MMS • RSS
Posted on nosqlgooglealerts. Visit nosqlgooglealerts

Even though database solutions have evolved over time, developers are constantly seeking solutions that are flexible, easily scalable, and provide real-time analytics.
TiDB, which is an advanced distributed SQL database developed by PingCAP, claims to solve all these problems for developers. Its biggest selling point is that it offers a compelling blend of horizontal scalability, MySQL compatibility, and real-time analytics capabilities.
Competitors like CockroachDB lack a built-in real-time analytics engine. While MongoDB does support basic analytics capabilities, it may encounter difficulties when handling complex analytical workloads or extremely large datasets.
The concept behind TiDB, as described by Ed Huang, the co-founder and chief technology officer at PingCAP, originated nearly a decade ago from the challenges he personally encountered in leveraging databases.
Back then, he was employed by a startup where he managed database clusters heavily reliant on MySQL at the time.
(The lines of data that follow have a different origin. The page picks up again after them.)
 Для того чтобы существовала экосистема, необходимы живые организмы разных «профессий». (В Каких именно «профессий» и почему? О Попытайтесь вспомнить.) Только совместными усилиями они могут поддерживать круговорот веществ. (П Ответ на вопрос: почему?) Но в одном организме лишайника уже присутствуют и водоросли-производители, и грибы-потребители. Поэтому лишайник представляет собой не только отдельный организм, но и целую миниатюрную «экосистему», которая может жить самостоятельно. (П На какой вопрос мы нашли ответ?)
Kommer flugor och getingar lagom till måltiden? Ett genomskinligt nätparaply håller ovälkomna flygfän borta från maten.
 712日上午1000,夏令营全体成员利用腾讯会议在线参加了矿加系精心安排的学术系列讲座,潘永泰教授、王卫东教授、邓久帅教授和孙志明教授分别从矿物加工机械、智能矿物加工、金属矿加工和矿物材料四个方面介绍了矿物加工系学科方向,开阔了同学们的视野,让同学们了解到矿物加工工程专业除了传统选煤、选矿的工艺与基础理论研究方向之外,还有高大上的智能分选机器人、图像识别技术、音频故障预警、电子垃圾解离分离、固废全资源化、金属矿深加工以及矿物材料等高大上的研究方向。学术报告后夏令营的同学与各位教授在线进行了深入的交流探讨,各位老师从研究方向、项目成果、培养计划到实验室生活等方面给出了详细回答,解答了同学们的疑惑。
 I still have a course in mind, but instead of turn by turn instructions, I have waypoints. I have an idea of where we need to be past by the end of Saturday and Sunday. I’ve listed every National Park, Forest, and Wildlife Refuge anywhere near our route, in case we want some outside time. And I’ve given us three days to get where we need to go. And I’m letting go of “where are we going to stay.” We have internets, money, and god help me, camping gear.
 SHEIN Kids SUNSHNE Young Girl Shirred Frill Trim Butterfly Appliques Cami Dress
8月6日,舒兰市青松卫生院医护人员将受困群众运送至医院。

“Our business operations were deeply tied to relational databases due to their complex logic. However, our data was growing rapidly, necessitating sharding (a technique that spreads data across numerous MySQL instances),” Huang said in an exclusive interview with AIM.
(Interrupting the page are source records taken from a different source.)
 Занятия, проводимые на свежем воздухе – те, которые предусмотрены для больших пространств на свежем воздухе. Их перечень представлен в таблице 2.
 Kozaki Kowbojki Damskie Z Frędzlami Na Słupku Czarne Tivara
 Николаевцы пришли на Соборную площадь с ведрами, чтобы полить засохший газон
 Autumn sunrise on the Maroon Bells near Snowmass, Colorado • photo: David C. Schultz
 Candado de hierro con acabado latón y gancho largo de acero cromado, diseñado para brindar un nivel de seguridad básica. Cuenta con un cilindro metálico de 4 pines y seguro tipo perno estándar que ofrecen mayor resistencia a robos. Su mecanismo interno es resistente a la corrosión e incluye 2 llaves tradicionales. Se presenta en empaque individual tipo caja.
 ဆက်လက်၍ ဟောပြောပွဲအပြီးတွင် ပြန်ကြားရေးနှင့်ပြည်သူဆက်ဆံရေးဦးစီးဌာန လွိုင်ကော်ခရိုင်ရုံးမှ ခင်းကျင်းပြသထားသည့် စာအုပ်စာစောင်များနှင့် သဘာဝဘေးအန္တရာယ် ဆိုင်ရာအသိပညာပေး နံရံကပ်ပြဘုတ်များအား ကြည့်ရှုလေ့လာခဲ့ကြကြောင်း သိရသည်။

This meant every few months, the database size would double, requiring them to rebalance and move data constantly.
TiDB is Inspired by Google
Huang reveals that this was when he came across two Google papers, which served as an inspiration for TiDB (where ‘Ti’ stands for Titanium).
“About ten years ago, I came across Google’s papers on Spanner and F1—new SQL databases that offer traditional SQL interfaces but are incredibly scalable under the hood. I realised this was the direction we needed to go—a solution that could handle our scaling needs without sacrificing SQL functionality,” Huang said.
Hence, by merging the strengths of distributed or NoSQL databases with those of traditional databases, Huang aimed at creating a new database that application developers would embrace.
“We saw this integration as the future after being inspired by these research papers. This led us to embark on an open-source project to develop a new database from scratch, ensuring compatibility with MySQL. Our extensive experience with MySQL also motivated us to initiate what would become TiDB,” Huang added.
TiDB Architecture
The overall architecture of TiDB is decoupled into two layers: the storage layer and the key value layer. “I’m really proud to say that I wrote the first line of code for TiDB. We built it completely from scratch, forming a brand new community around it,” Huang said.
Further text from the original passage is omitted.